> **Records for this exercise**:

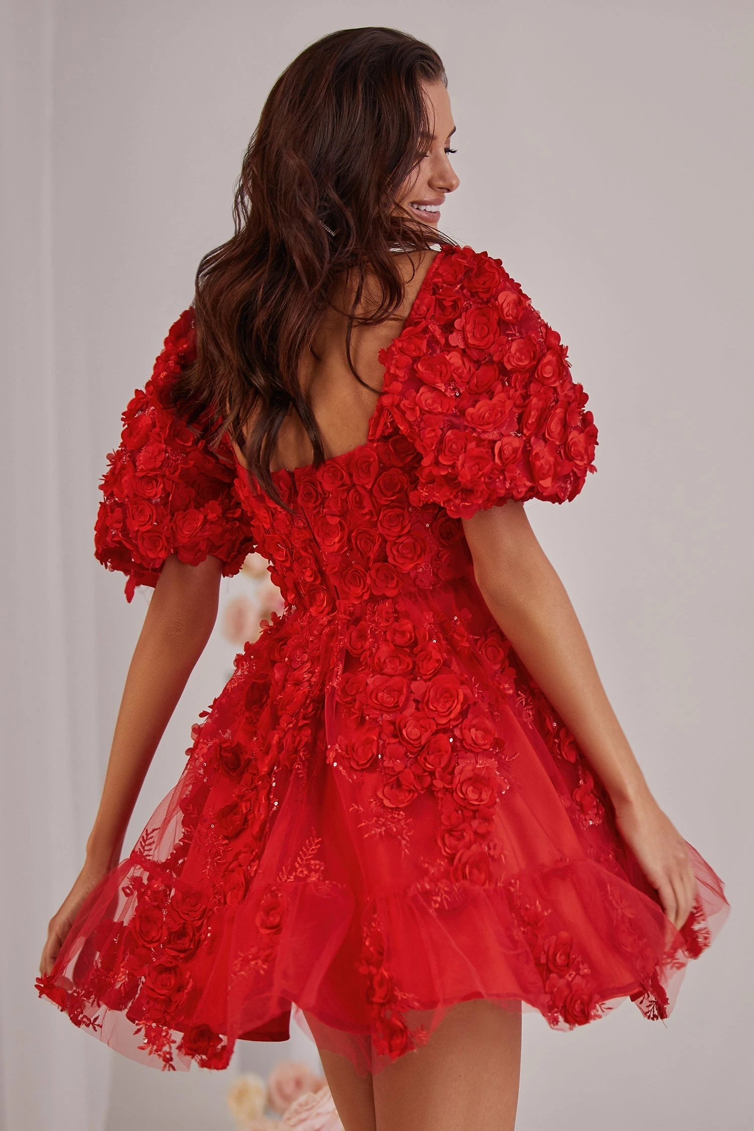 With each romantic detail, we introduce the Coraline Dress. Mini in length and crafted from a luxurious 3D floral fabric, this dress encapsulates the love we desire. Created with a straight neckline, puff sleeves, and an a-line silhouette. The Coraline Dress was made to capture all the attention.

* * *

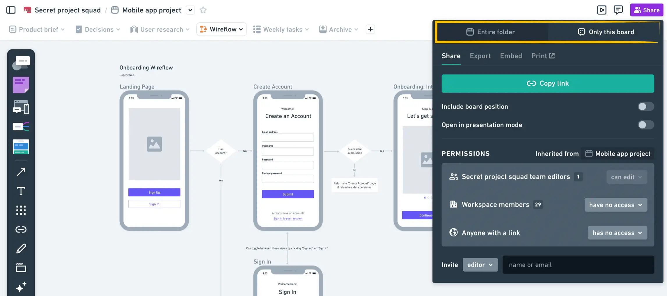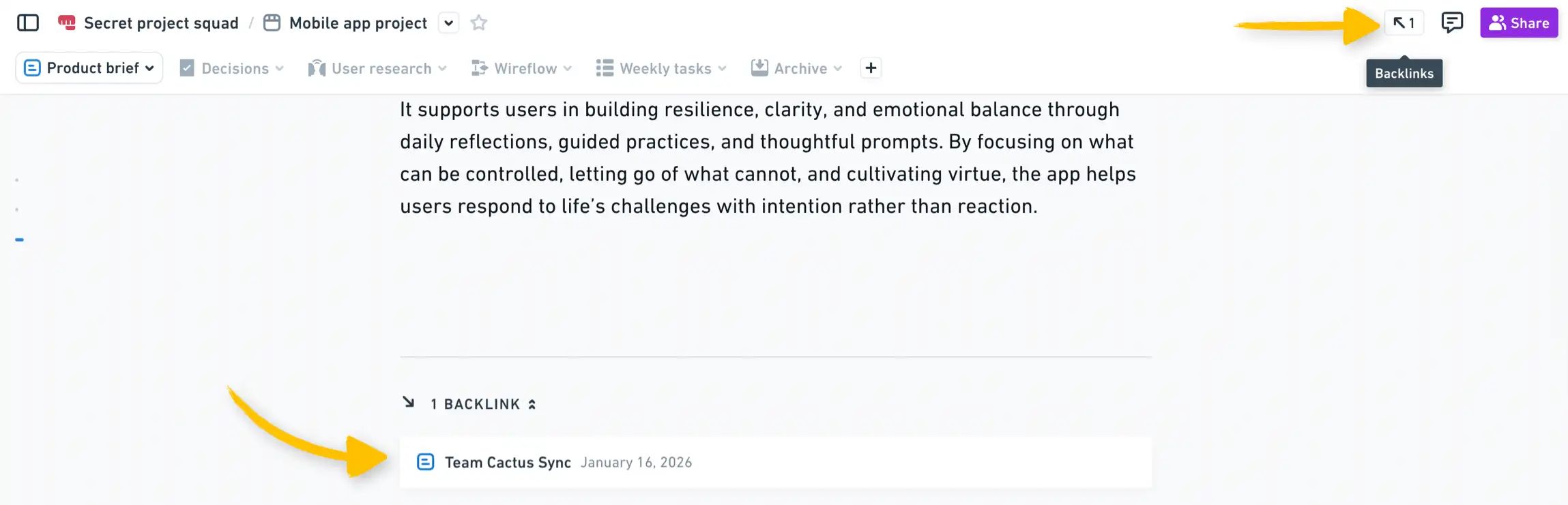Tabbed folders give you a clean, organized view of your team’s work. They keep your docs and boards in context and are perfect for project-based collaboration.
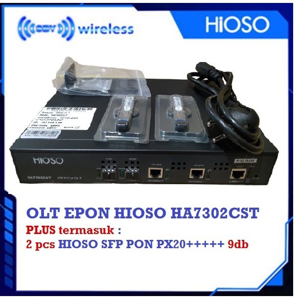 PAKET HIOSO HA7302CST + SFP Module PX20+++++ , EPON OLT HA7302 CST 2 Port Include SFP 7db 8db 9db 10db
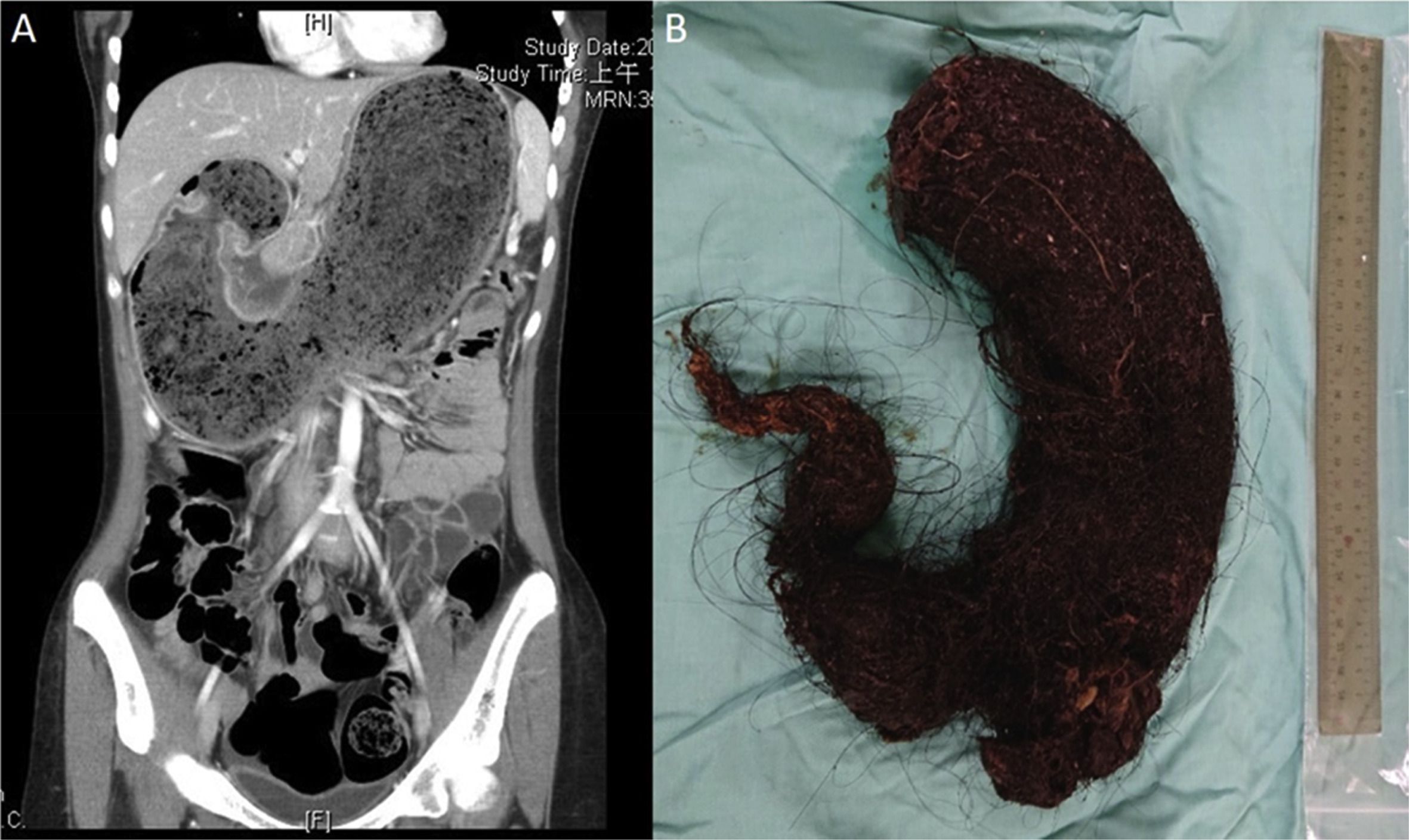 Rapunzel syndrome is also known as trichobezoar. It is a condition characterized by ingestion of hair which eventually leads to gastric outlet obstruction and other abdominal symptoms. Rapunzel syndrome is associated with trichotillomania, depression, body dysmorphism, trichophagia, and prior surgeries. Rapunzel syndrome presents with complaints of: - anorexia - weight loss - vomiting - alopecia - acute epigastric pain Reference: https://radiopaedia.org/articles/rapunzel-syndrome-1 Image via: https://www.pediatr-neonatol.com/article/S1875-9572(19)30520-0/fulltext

==

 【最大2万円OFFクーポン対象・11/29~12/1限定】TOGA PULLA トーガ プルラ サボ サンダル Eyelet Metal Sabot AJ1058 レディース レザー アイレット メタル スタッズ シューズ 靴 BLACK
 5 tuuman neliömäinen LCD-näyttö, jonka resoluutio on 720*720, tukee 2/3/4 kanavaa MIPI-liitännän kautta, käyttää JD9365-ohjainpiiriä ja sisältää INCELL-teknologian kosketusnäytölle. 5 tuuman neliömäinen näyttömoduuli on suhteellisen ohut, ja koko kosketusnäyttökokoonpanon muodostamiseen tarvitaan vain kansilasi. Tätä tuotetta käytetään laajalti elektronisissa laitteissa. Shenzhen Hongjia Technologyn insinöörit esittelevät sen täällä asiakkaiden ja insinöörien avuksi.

> **Task statement**: Starting at the line containing "Tabbed folders give" and finishing at the line containing "Rapunzel syndrome is also", return those lines exactly as they appear above, without the pictures.

> **Problem solution**:
Tabbed folders give you a clean, organized view of your team’s work. They keep your docs and boards in context and are perfect for project-based collaboration.
 PAKET HIOSO HA7302CST + SFP Module PX20+++++ , EPON OLT HA7302 CST 2 Port Include SFP 7db 8db 9db 10db
 Rapunzel syndrome is also known as trichobezoar. It is a condition characterized by ingestion of hair which eventually leads to gastric outlet obstruction and other abdominal symptoms. Rapunzel syndrome is associated with trichotillomania, depression, body dysmorphism, trichophagia, and prior surgeries. Rapunzel syndrome presents with complaints of: - anorexia - weight loss - vomiting - alopecia - acute epigastric pain Reference: https://radiopaedia.org/articles/rapunzel-syndrome-1 Image via: https://www.pediatr-neonatol.com/article/S1875-9572(19)30520-0/fulltext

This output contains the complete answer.